**Recorded information**
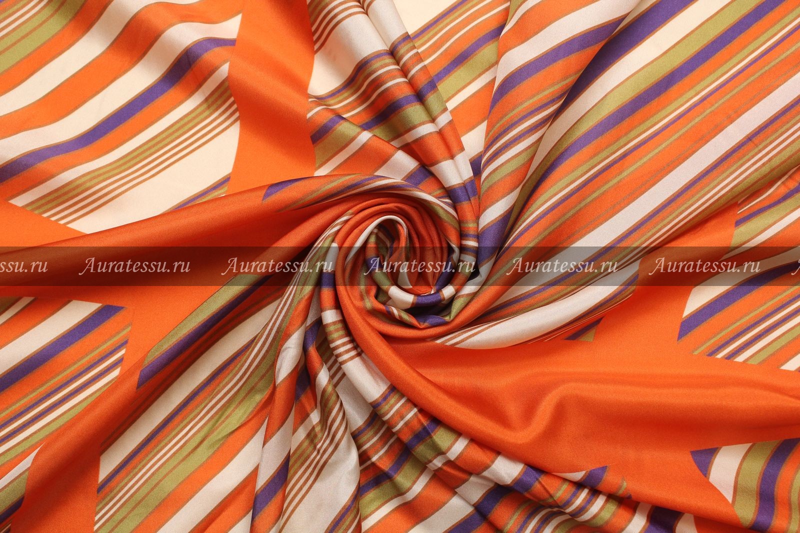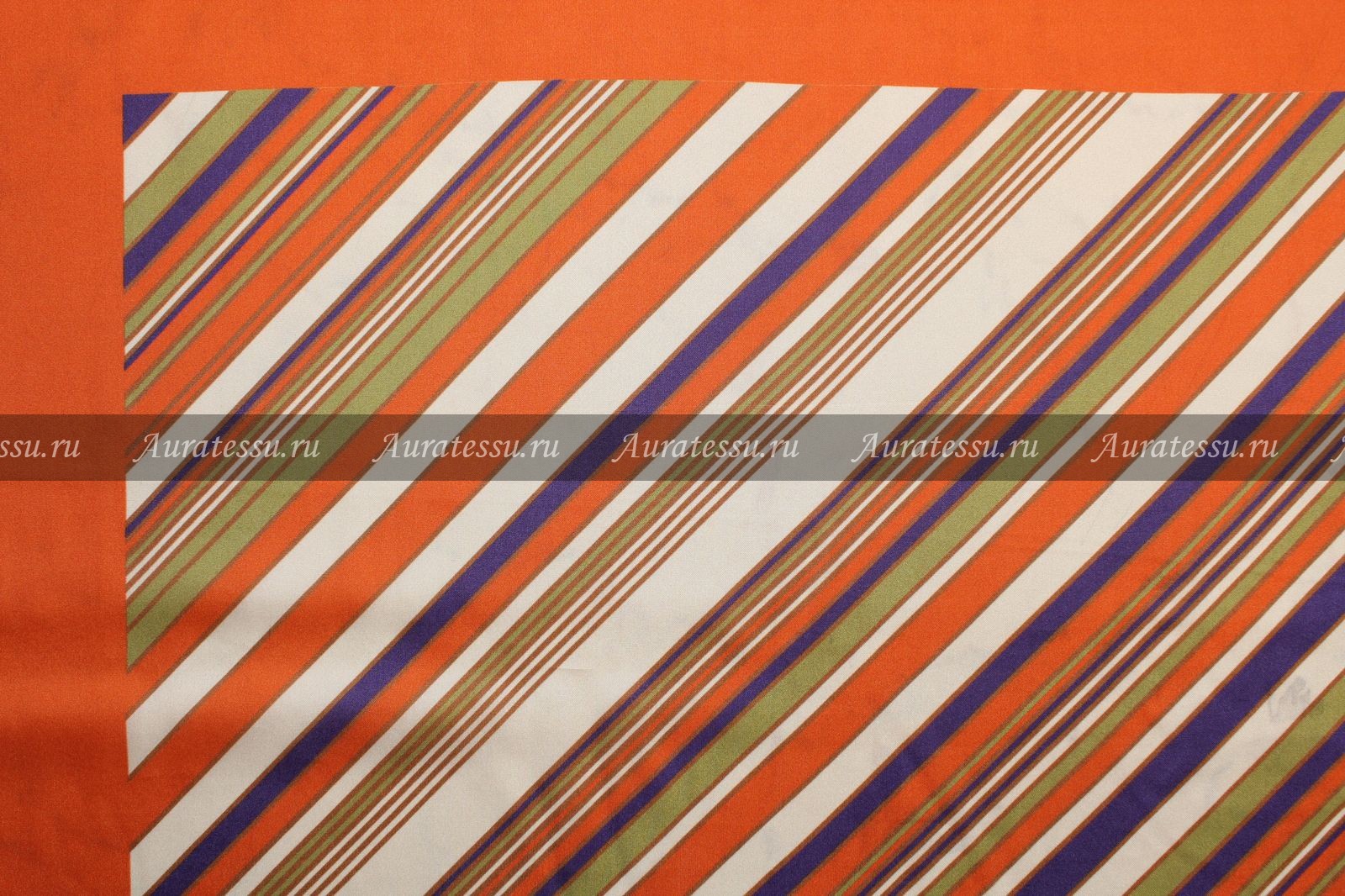 - Шёлк-туаль «платки» с оранжевой каймой в диагональную полоску
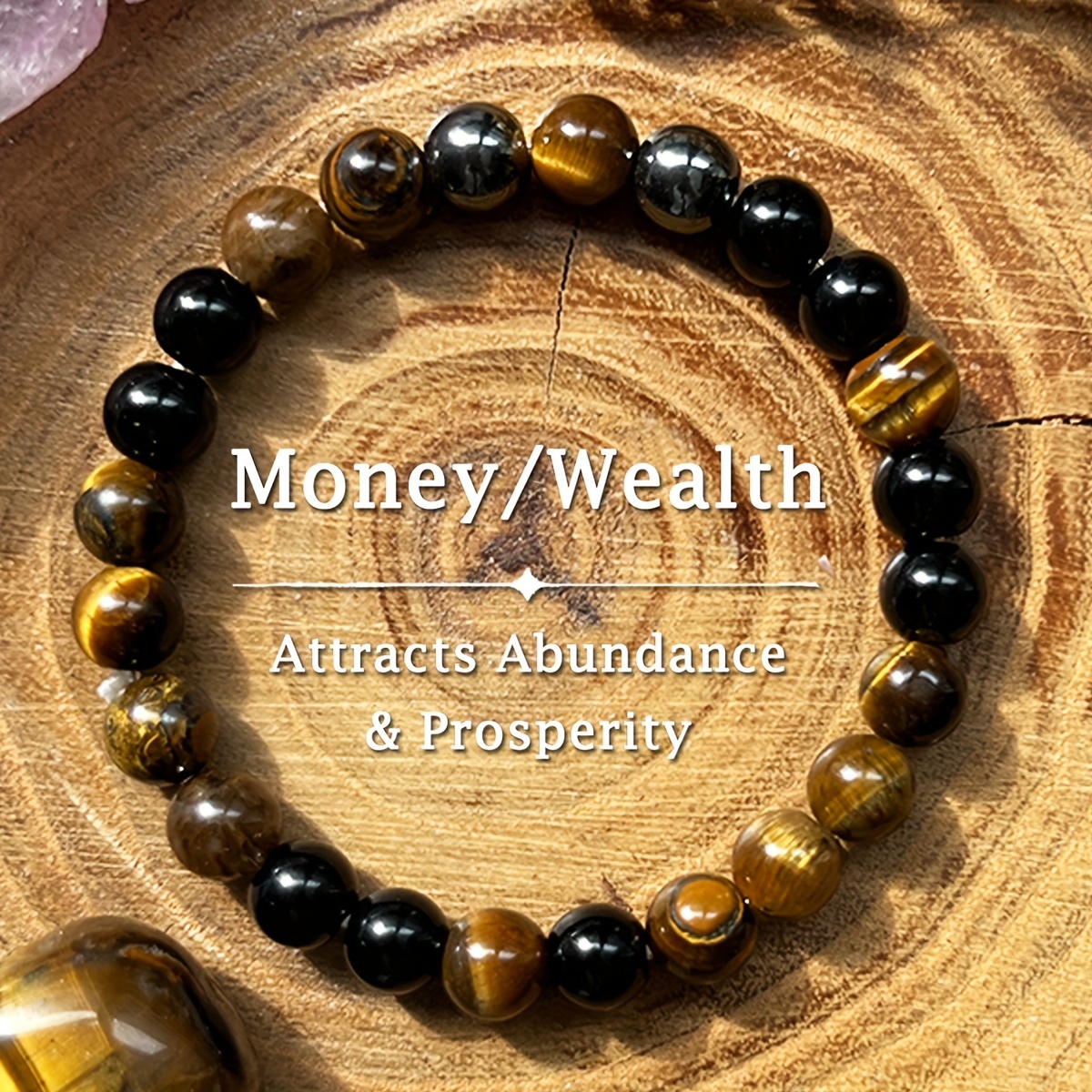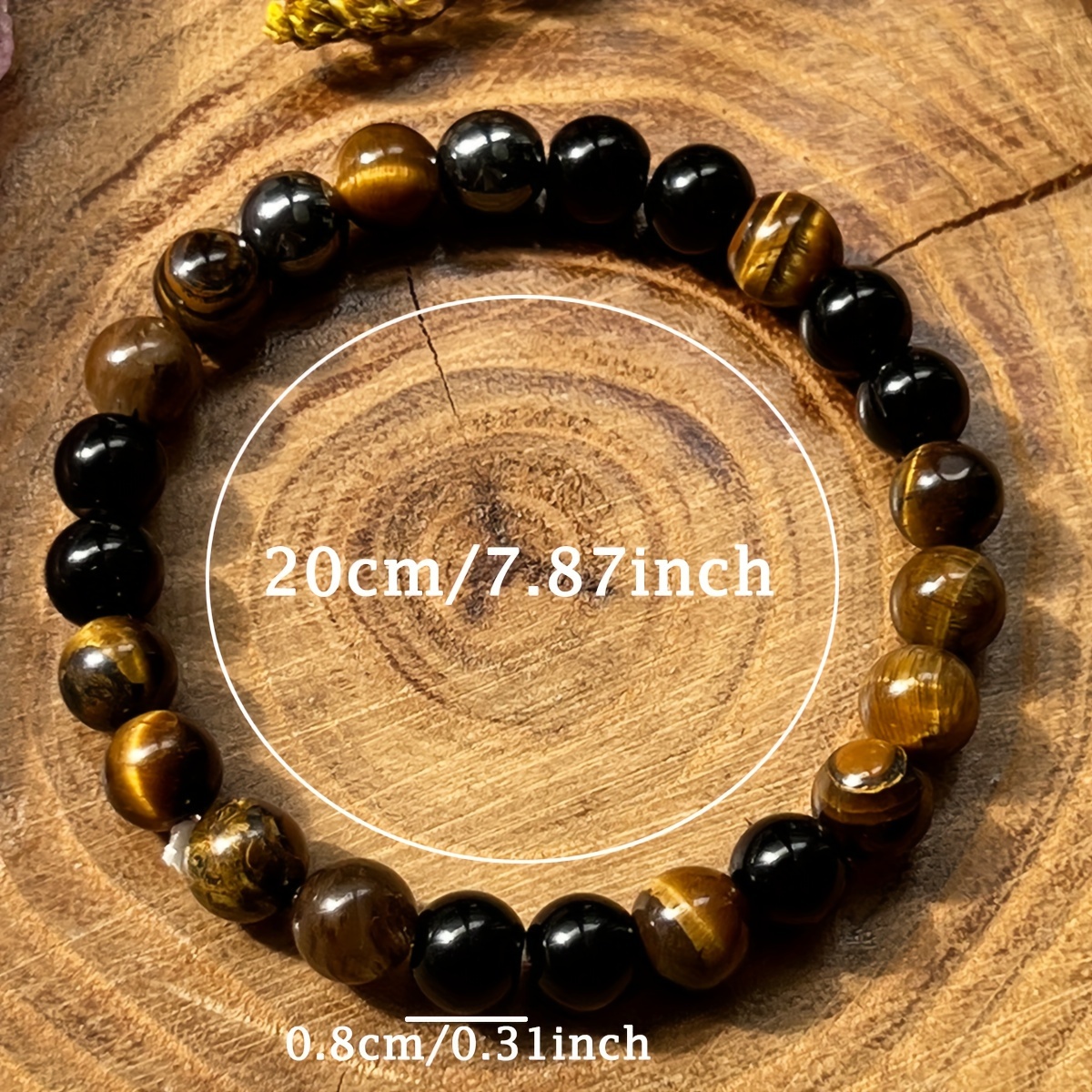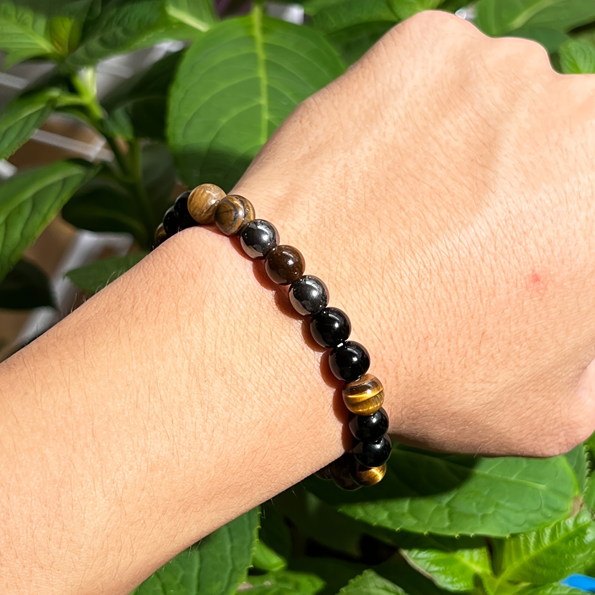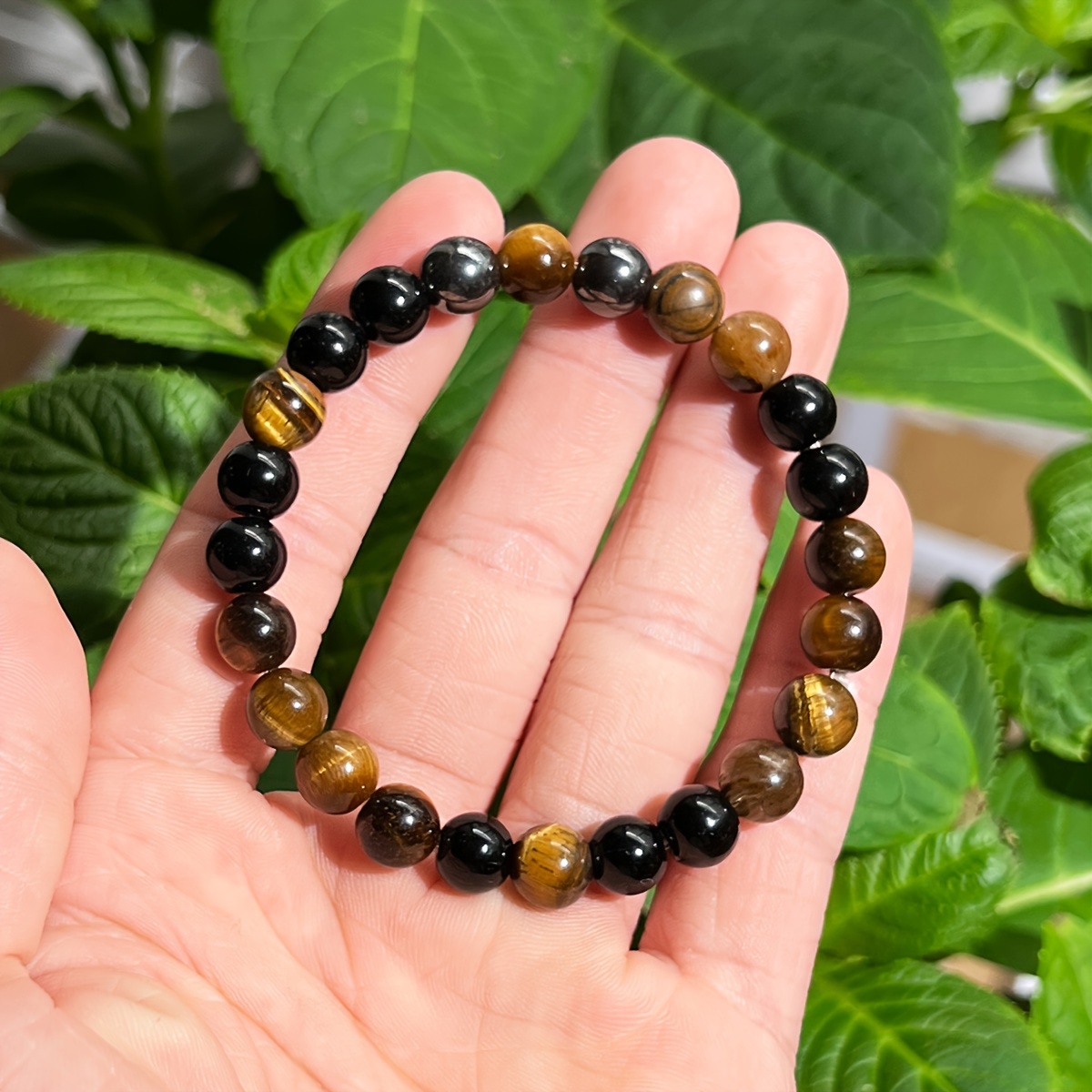 8mm Wealth Bracelet: Black Gallstone & Tiger
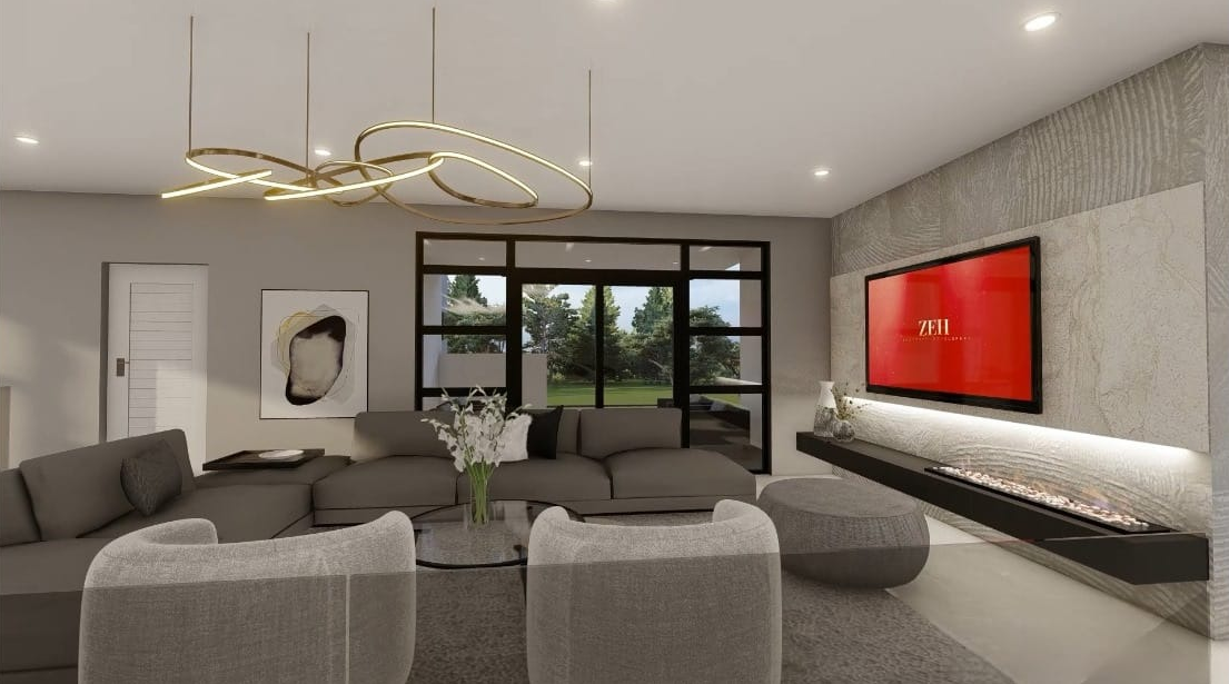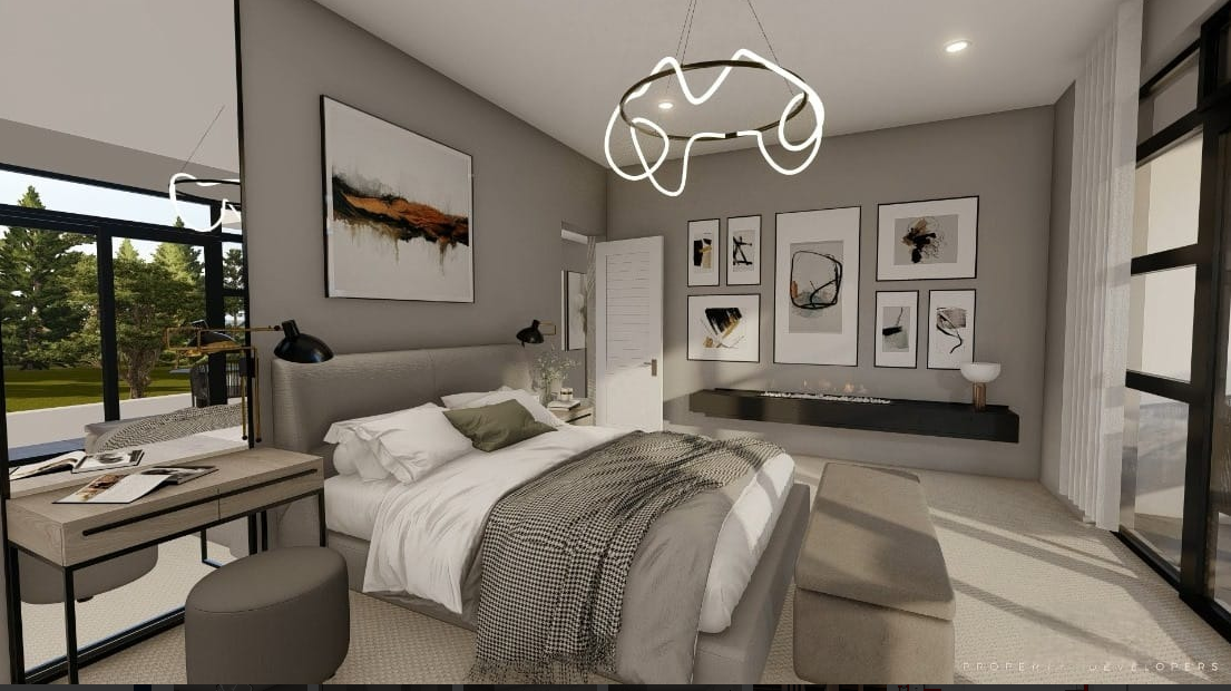 - Upstairs pyjama lounge with a fireplace, opening onto a spacious entertainment balcony

**Action item**
A faithful copy is needed: reproduce all of the data above, leaving the pictures out.

**Exercise answer**
 - Шёлк-туаль «платки» с оранжевой каймой в диагональную полоску
 8mm Wealth Bracelet: Black Gallstone & Tiger
 - Upstairs pyjama lounge with a fireplace, opening onto a spacious entertainment balcony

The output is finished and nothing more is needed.